I never thought it would come to this, but it actually feels surreal to hear that a tax cut bill has been introduced in Congress.
Senator Chuck Grassley (R-IA) the ranking member of the Senate Finance Committee has introduced a bill he says will strengthen small businesses by lowering their tax burden TaxNews.com reports:
Noting that small businesses create 70% of all new jobs in the United States, Grassley lamented that the Obama administration has done little so far to alleviate the tax burden they face.
“My bill will leave more money in the hands of small business owners so they can hire more workers, keep paying the salaries of their employees, and make additional investments that will lead to new jobs,” Grassley said.
“Unfortunately, the White House seems to see a lot of small business owners as a cash cow for other priorities and wants to raise their taxes. My point is, if we raise taxes on the one segment of the economy that creates the majority of new jobs, we’ll be in even worse economic shape than we are now,” he added.
Citing new data from the Joint Committee on Taxation, Grassley said that 55% of the tax from the higher rates proposed by President Obama will be borne by small business owners with income over $250,000. This he called “a conservative number,” because it doesn’t include flow-through business owners making between $200,000 and $250,000 who will also be hit with the 2010 budget’s proposed tax hikes.

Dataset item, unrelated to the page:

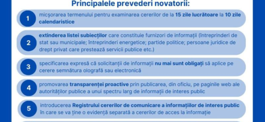 micșorarea semnificativă a termenului pentru examinarea cererilor de la 15 zile lucrătoare la 10 zile calendaristice, cu posibilitatea extinderii cu cel mult 7 zile calendaristice în cazul în care cererea este complexă sau se solicită un volum mare de informații și impune timp suplimentar pentru prelucrare (anterior, legea prevedea extinderea cu 5 zile lucrătoare);extinderea listei subiecților care constituie furnizori de informații, fiind incluse:
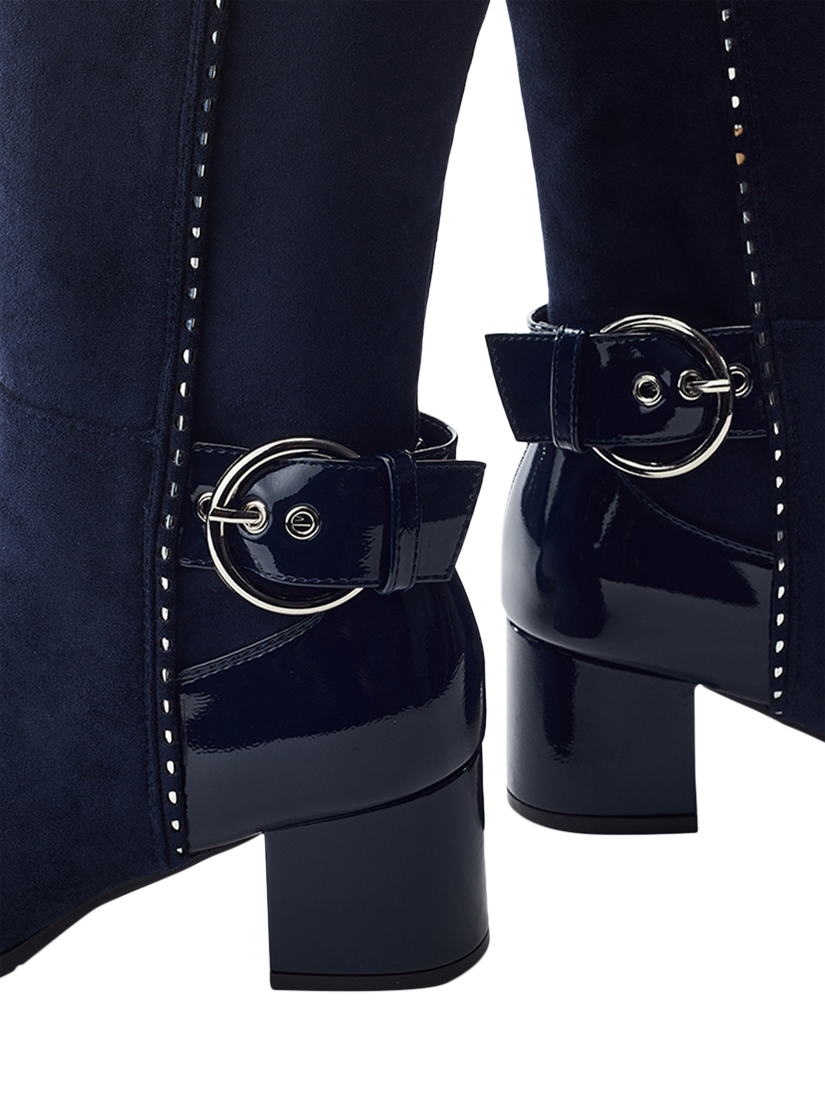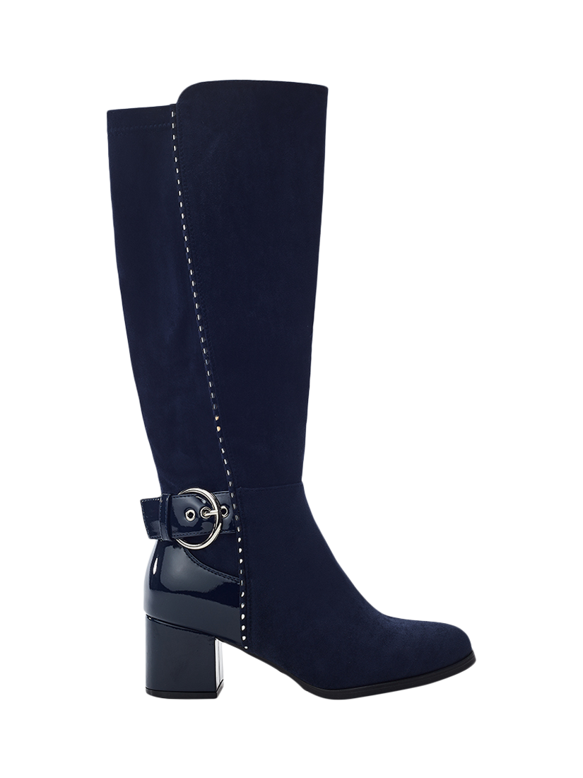 Set your sights on Sameena. Designed with a sleek, elongated silhouette and finished with eye-catching buckle accents, this style features stretch material on the calf, adding to the ease of wear.

Grassley’s bill is called the Small Business Tax Relief Act of 2009.
Here are its key provisions:
- § 179 Deduction: Increase the amount of capital expenditures that small businesses could expense from $250,000 to $500,000. This would encourage businesses to invest in new equipment.
- Tax Rate Reduction: Allow more small C corporations to benefit from the lower tax rates for the smallest C corporations.
- AMT Fix: Take the general business credits out of the Alternative Minimum Tax for those sole proprietorships, flow-throughs and non-publicly-traded C corporations with $50 million or less in annual gross receipts.
- Extend Credit Carryback Period: Extend the 1-year carryback for general business credits to a 5-year carryback for small businesses.
- Small Business Flow Through Deduction: Provide a 20% deduction for flow-through business income for small businesses, which are defined as flow-through entities with $50m or less in annual gross receipts.
- Relax Built-In Gain Rules on S Conversions: Lower the potential tax burden when a C corporation becomes an S corporation. Under current law, there is no tax on built-in gains of assets within a C corporation that converts to an S corporation if those assets with built-in gain are held for 10 years by the S corporation. The stimulus bill reduced this 10-year period down to 7 years for sales of assets with built-in gain that occur within 2009 and 2010. The Grassley bill reduces this time period to 5 years for all S corporations that have converted from a C corporation.
- Expansion of NOL Carryback Thresholds: Expand the net operating loss provision contained in the stimulus bill. Current law provides that net operating losses from any size business may be carried back 2 taxable years before the year that the loss arises and carried forward twenty years. The stimulus bill amended the carryback provision by expanding the carryback from 2 years to 5 years if a small business had gross receipts of $15m or less. The Grassley bill expands this $15m or less requirement so that small businesses with $50m or less in gross receipts can get the benefit of the 5-year net operating loss carryback.
Nice bill, but will the comedian vote for it?